This industry initiative worked through the proven processes of X/Open Company to develop a set of specifications by broad industry consensus, supported by a testing and branding program, that would deliver commonality across multiple implementations of UNIX systems. The early specification (known then as Spec 1170), took into account the interfaces utilized by the most widely used UNIX system applications to ensure historical application compatibility. This Single UNIX Specification now defines products that are called UNIX, and is backed by the X/Open branding program.

So What's New?

Previously the UNIX operating system has been a product with four elements (Figure 1); the specification (e.g. SVID) , the technology (e.g. SVR4), the registered trade mark (UNIX), and the product (e.g. UNIXWare).


Figure 1

With the Single UNIX Specification, there is now a single, open, consensus specification that defines a product. There is also a mark, or brand, that is used to identify those products that conform to the Single UNIX specification. Both the specification and the trade mark are now managed and held in trust for the industry by X/Open Company.

There will be many competing products, all implemented against the Single UNIX Specification, ensuring competition and vendor choice. There will be a limited number of technology suppliers, which vendors can licence and build their own product, all of them implementing the Single UNIX Specification. Buyers can expect each of these products to carry the X/Open UNIX brand as an guarantee of conformance to the specification and that the vendor stands behind a quality product.

UNIX is now no longer just the operating system product from AT&T (later, Novell), documented by the System V Interface Definition (SVID), controlled and licensed from a single point. Neither is it a collection of slightly different products from different vendors, each extended in slightly different ways. The UNIX specification has been separated from its licensed source-code product, and "UNIX'' has become a single stable specification to be used to develop portable applications that run on systems conforming to the Single UNIX Specification

Portability is ensured because the single set of APIs is supported on all branded products. Customers benefit from flexibility and freedom of choice because they are now able to build large scale systems using 'best of breed' products.

Work on defining and agreeing the exact content of the Single UNIX Specification began towards the end of 1993 and was completed in the third quarter of 1994. In parallel with this activity, X/Open Company extended its branding program to include UNIX system products that meet the specification and conformance requirements.
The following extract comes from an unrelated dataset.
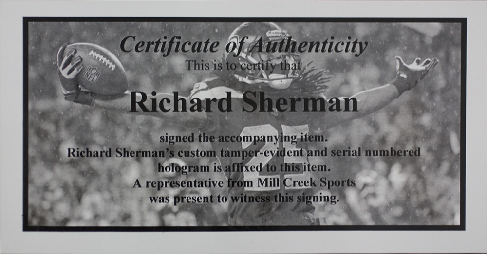 The autograph includes an official Richard Sherman player hologram with matching COA from Mill Creek Sports for authenticity purposes.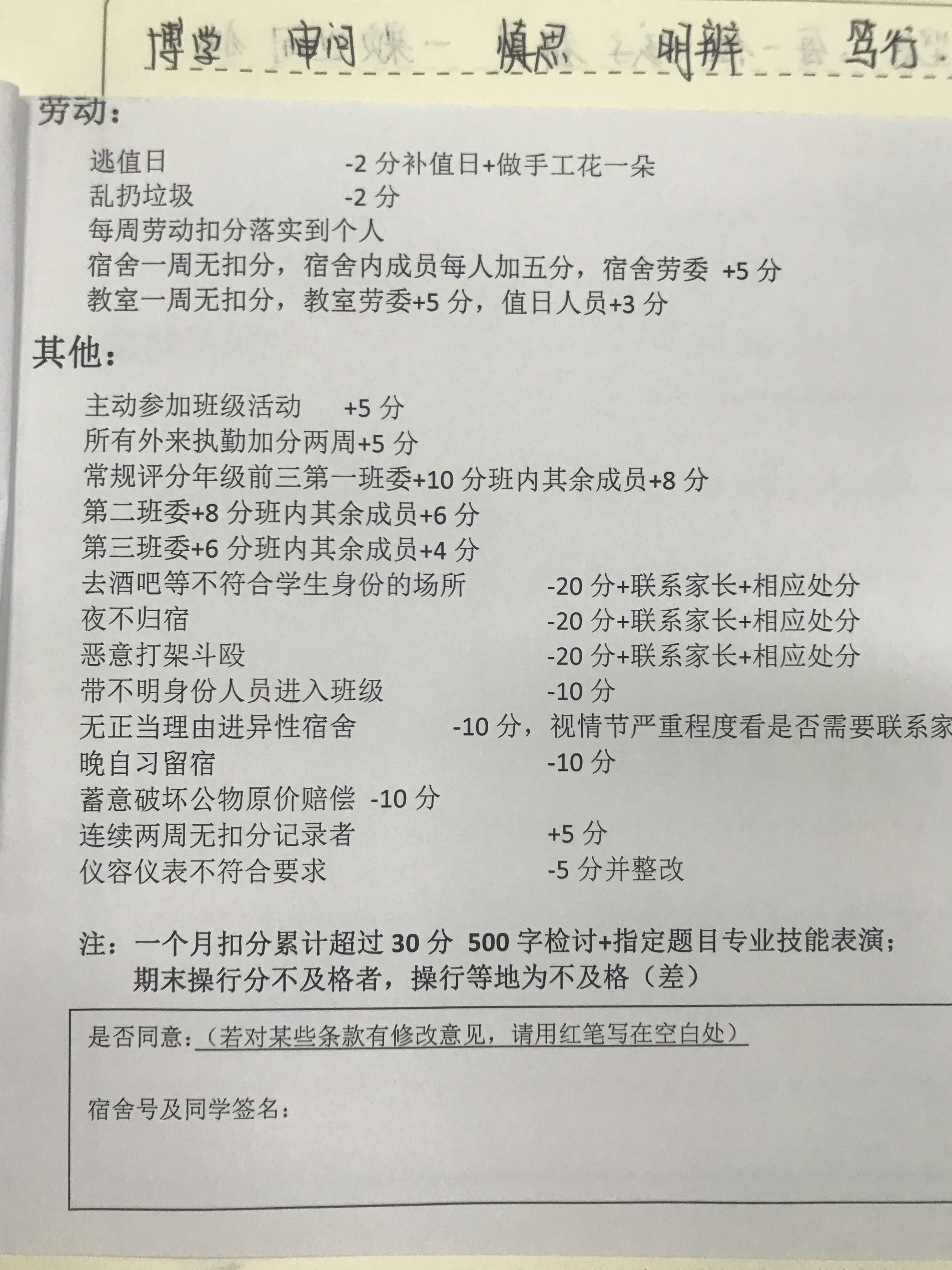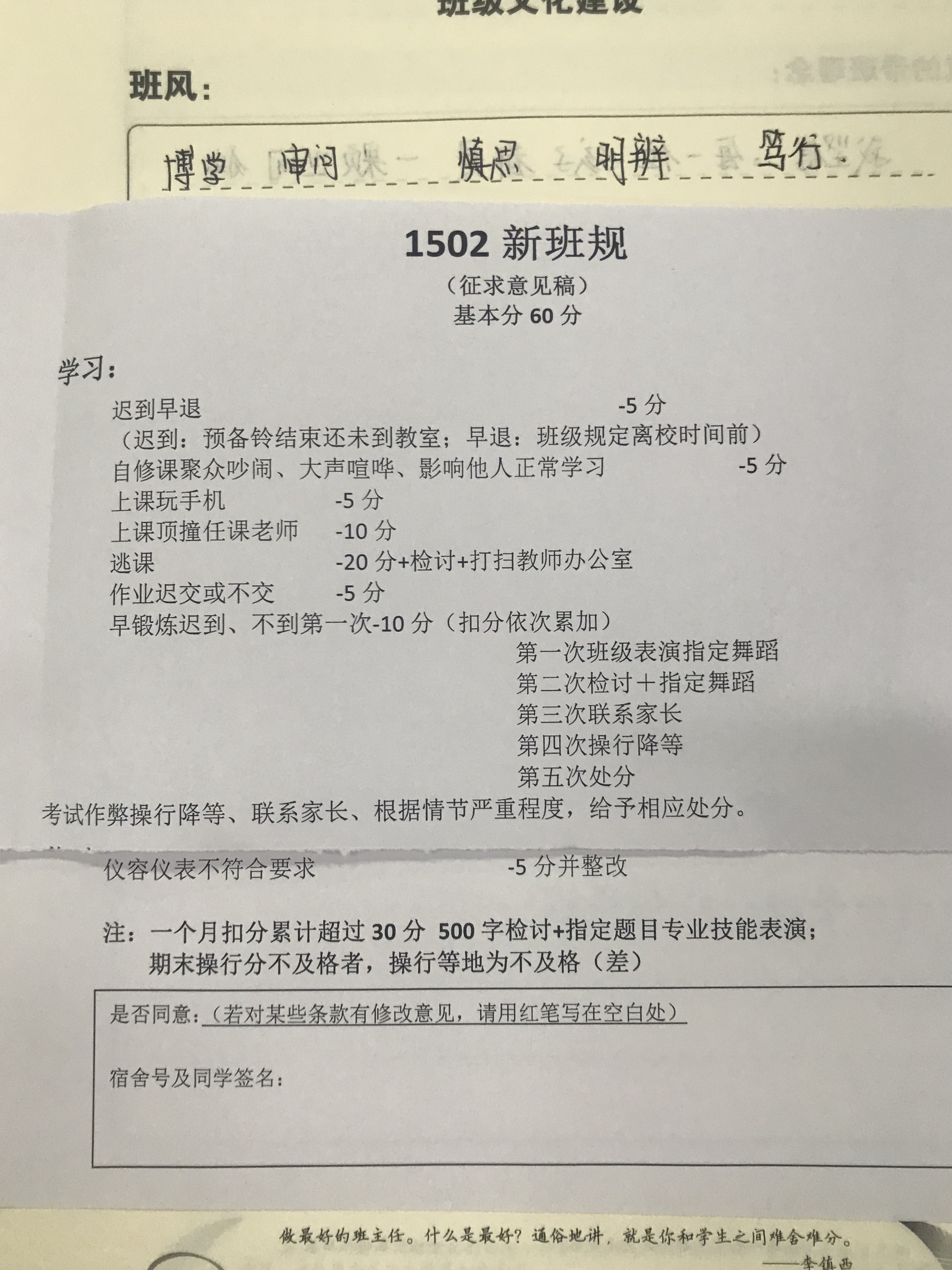 班主任专业建设之班规 来源:本站原创 发布时间:2018-12-19 15:14:37 浏览次数: 次 【字体:小 大】 没有规矩,不成方圆。班规是一个班级关于共同的行为标准、思想道德标准和文化标准的约定,是教师班级管理的重要工具,它在一个班级的日常运转中发挥着重大作用。班规对于规范班级行为、引领班级风尚、塑造班级文化起着非常重要的作用。同时,班规是辅助教师进行班级管理的重要工具。一个良好的班规就如同老师的影子,它可以有效地实现班级自主管理的目标,达到无为而治的班级管理境界。(以上均为贾莎莎老师班主任手册内容) 分享到: 【打印正文】

In joining the program and branding its products a vendor warrants and represents that any branded product: conforms to the specification; will continue to conform to the specification; and if there is a non-conformance it will be rectified in an agreed time.

To support the branding program, X/Open has developed a comprehensive set of software test tools. These test suites are used by the vendor to help ensure that the vendor has the confidence to stand behind the guarantee that they give when branding their products.